The Court held that the degree of freedom of the designer was high because pavilions could take all basic shapes imaginable (round, oval, rectangular, pentagonal) and did not necessarily have to include movable side walls. There were no legal requirements limiting freedom. The Court rejected arguments that technical necessities linked to inserting lighting limited design freedom. It also rejected the argument that saturation of the design corpus limited design freedom, noting that evidence of saturation must relate to the filing/priority date of the design in question and that later internet searches were not probative.
Comparing registered views only, common features between the prior design and the design in question (six supports, similar frame, integrated sides, double roof) outweighed minor differences in frame structure, curtain colour and LED string, which were secondary and not dominant. The fact that a national court had found differently was irrelevant. National interim findings did not bind EU bodies. The General Court upheld the finding of lack of individual character and rejected the appeal.
What this means for you: where design freedom is high, only pronounced differences will shift the informed user's overall impression. Evidence of market saturation must relate to the priority/filing date of the design in question. Where the market is saturated, small differences between a design and the design corpus are more likely to be noticed by the informed user (such that those differences are sufficient to confer individual character).
In three parallel invalidity proceedings, the General Court has dismissed appeals by Turkish snack manufacturer Eti and upheld the EUIPO's decisions declaring three of its RCDs invalid (one such RCD depicted on the left below). The three RCDs depicted packaging for cheese-flavoured snack sticks featuring the word element 'CRAX' (or variations thereof) prominently displayed alongside Eti's branding. The case is interesting because the designs were held invalid on the basis that they were in conflict with Star Foods earlier Romanian figurative trade mark registration for KRAX, registered for cereal-based snack products (depicted on the right below).
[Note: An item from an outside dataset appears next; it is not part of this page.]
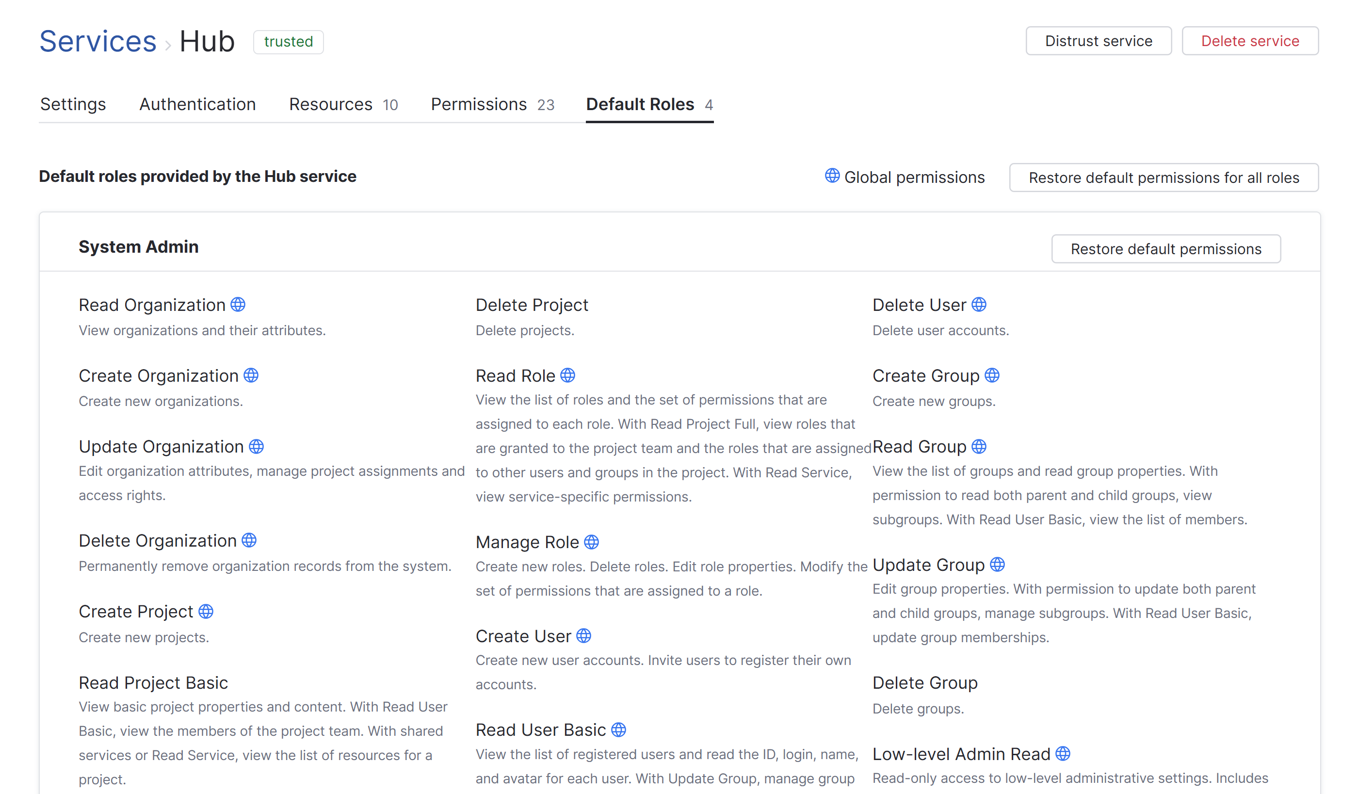 The Default Roles tab displays a list of default roles that are defined in the selected service. Each default role is listed on the page with a list of the permissions that are currently assigned to the role.

The Board of Appeal found a likelihood of confusion, concluding that the goods were complementary and therefore similar. The General Court agreed that 'KRAX' and 'CRAX' were the most distinctive and dominant elements in the designs/marks, with all other components playing secondary roles. Visually, the signs were similar to an average degree, as three out of four letters coincided in the sequence 'R-A-X', all depicted in stylised upper-case letters with a similar three-dimensional effect. Phonetically, the Court found a high (or average) degree of similarity, noting that consumers tend to abbreviate marks orally and would likely pronounce only the dominant 'CRAX' element. Whilst the signs were conceptually different due to descriptive elements, this did not outweigh the visual and phonetic similarities.
What this mean for you: design owners need to be careful when incorporating word elements into their designs that are similar to earlier trade marks, even where the designs contain additional distinctive elements.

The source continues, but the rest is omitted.